--- Data records Enclosed Below ---

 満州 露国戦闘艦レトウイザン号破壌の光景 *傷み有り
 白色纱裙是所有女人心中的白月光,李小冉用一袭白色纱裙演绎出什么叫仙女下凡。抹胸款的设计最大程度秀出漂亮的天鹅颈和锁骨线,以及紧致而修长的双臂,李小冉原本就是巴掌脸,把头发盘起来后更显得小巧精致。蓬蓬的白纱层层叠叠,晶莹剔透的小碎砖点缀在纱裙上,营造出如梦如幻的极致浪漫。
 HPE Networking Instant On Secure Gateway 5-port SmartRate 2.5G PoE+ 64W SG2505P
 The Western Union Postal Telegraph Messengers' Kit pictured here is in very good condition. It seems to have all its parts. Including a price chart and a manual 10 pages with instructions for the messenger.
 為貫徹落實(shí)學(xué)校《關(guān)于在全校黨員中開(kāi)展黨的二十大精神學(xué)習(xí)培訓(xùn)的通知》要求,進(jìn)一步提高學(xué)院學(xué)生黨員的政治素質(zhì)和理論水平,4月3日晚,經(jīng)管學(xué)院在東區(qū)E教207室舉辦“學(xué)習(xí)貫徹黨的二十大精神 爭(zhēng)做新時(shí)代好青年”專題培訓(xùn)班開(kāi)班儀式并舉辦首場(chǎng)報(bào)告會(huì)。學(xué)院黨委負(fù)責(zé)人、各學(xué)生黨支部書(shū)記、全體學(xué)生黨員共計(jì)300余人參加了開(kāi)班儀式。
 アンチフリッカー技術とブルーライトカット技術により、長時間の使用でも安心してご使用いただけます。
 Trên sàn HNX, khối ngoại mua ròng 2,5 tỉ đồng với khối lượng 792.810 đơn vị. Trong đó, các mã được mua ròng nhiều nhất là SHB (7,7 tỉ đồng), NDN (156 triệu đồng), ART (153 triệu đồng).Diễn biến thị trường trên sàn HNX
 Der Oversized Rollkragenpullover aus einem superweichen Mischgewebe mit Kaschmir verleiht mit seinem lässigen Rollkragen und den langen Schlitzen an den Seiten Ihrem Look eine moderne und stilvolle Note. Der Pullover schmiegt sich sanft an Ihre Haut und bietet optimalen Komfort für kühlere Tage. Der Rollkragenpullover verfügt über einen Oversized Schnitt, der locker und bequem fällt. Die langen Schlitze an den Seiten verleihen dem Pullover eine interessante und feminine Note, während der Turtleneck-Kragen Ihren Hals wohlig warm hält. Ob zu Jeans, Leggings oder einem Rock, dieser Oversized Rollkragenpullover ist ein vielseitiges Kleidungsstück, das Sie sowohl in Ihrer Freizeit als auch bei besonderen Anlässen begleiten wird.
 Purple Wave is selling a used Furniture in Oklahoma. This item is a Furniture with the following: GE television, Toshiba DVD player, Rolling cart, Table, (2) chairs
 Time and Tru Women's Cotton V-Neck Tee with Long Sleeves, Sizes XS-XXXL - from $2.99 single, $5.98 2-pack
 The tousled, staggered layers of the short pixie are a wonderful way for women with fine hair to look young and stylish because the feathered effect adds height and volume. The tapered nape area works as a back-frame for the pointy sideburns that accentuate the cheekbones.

--- End of Enclosed Data records ---

■ Task requirements ■
Each line of the records, from the opening one through the line holding "Time and Tru", should be restated word for word, with nothing else in the answer.

■ Task result ■
 満州 露国戦闘艦レトウイザン号破壌の光景 *傷み有り
 白色纱裙是所有女人心中的白月光,李小冉用一袭白色纱裙演绎出什么叫仙女下凡。抹胸款的设计最大程度秀出漂亮的天鹅颈和锁骨线,以及紧致而修长的双臂,李小冉原本就是巴掌脸,把头发盘起来后更显得小巧精致。蓬蓬的白纱层层叠叠,晶莹剔透的小碎砖点缀在纱裙上,营造出如梦如幻的极致浪漫。
 HPE Networking Instant On Secure Gateway 5-port SmartRate 2.5G PoE+ 64W SG2505P
 The Western Union Postal Telegraph Messengers' Kit pictured here is in very good condition. It seems to have all its parts. Including a price chart and a manual 10 pages with instructions for the messenger.
 為貫徹落實(shí)學(xué)校《關(guān)于在全校黨員中開(kāi)展黨的二十大精神學(xué)習(xí)培訓(xùn)的通知》要求,進(jìn)一步提高學(xué)院學(xué)生黨員的政治素質(zhì)和理論水平,4月3日晚,經(jīng)管學(xué)院在東區(qū)E教207室舉辦“學(xué)習(xí)貫徹黨的二十大精神 爭(zhēng)做新時(shí)代好青年”專題培訓(xùn)班開(kāi)班儀式并舉辦首場(chǎng)報(bào)告會(huì)。學(xué)院黨委負(fù)責(zé)人、各學(xué)生黨支部書(shū)記、全體學(xué)生黨員共計(jì)300余人參加了開(kāi)班儀式。
 アンチフリッカー技術とブルーライトカット技術により、長時間の使用でも安心してご使用いただけます。
 Trên sàn HNX, khối ngoại mua ròng 2,5 tỉ đồng với khối lượng 792.810 đơn vị. Trong đó, các mã được mua ròng nhiều nhất là SHB (7,7 tỉ đồng), NDN (156 triệu đồng), ART (153 triệu đồng).Diễn biến thị trường trên sàn HNX
 Der Oversized Rollkragenpullover aus einem superweichen Mischgewebe mit Kaschmir verleiht mit seinem lässigen Rollkragen und den langen Schlitzen an den Seiten Ihrem Look eine moderne und stilvolle Note. Der Pullover schmiegt sich sanft an Ihre Haut und bietet optimalen Komfort für kühlere Tage. Der Rollkragenpullover verfügt über einen Oversized Schnitt, der locker und bequem fällt. Die langen Schlitze an den Seiten verleihen dem Pullover eine interessante und feminine Note, während der Turtleneck-Kragen Ihren Hals wohlig warm hält. Ob zu Jeans, Leggings oder einem Rock, dieser Oversized Rollkragenpullover ist ein vielseitiges Kleidungsstück, das Sie sowohl in Ihrer Freizeit als auch bei besonderen Anlässen begleiten wird.
 Purple Wave is selling a used Furniture in Oklahoma. This item is a Furniture with the following: GE television, Toshiba DVD player, Rolling cart, Table, (2) chairs
 Time and Tru Women's Cotton V-Neck Tee with Long Sleeves, Sizes XS-XXXL - from $2.99 single, $5.98 2-pack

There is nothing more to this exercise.